In the late '80s and The '90s, a genre known as the "hood film" emerged in the US. The focus is on working-class Black or (less commonly) Latino life in American urban ghettoes (or "'hoods," being shorthand for an "urban neighborhood"). Common themes include gang violence, Police Brutality, institutional racism, Teen Pregnancy, Junkie Parents, and commonplace problems of growing up in poverty. Academic settings within said hood are usually poorly-financed and horribly-run Inner City Schools where a Cool or Stern Teacher is called to Save Our Students. Hip-Hop music and culture often feature heavily.
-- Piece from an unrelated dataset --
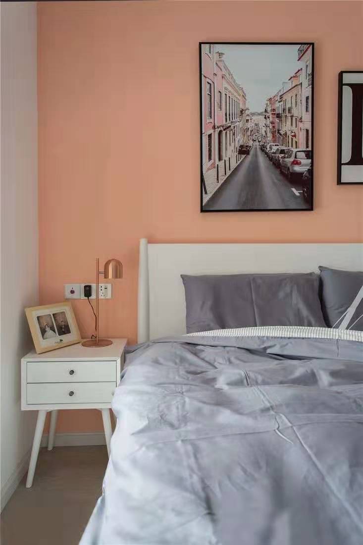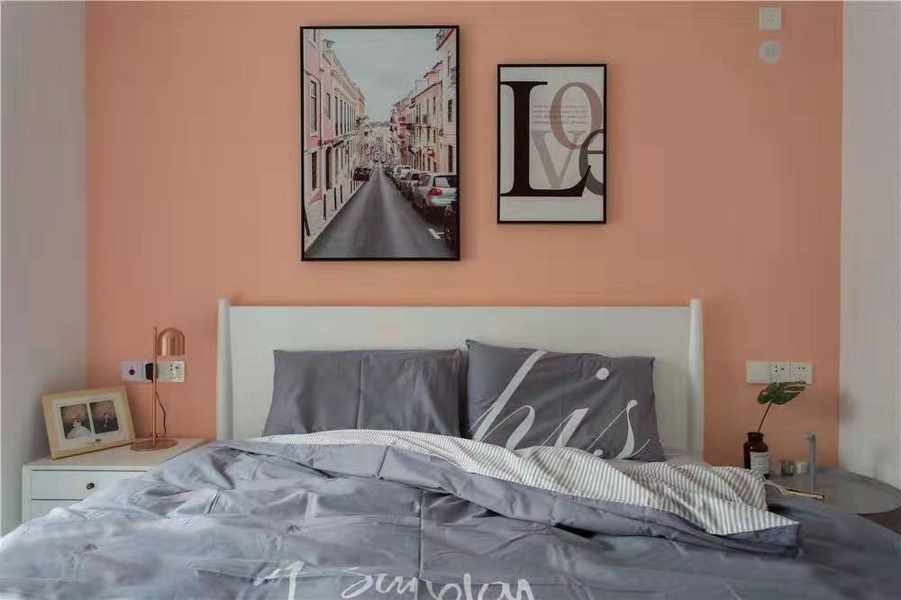 床頭背景墻的裝飾畫具有視覺延伸的效果,增強了空間層次感。

Most, especially in the genre's early days, were made by up-and-coming Black filmmakers eager to see their stories told on the big screen, not unlike how the British Kitchen Sink Drama was crafted by upwardly-mobile men of working-class backgrounds; perhaps not surprisingly, one can find a number of similar tropes across the two genres.note 

The genre is also sometimes called the "urban crime" genre, but not all films focus on Gangbangers and other criminal activities.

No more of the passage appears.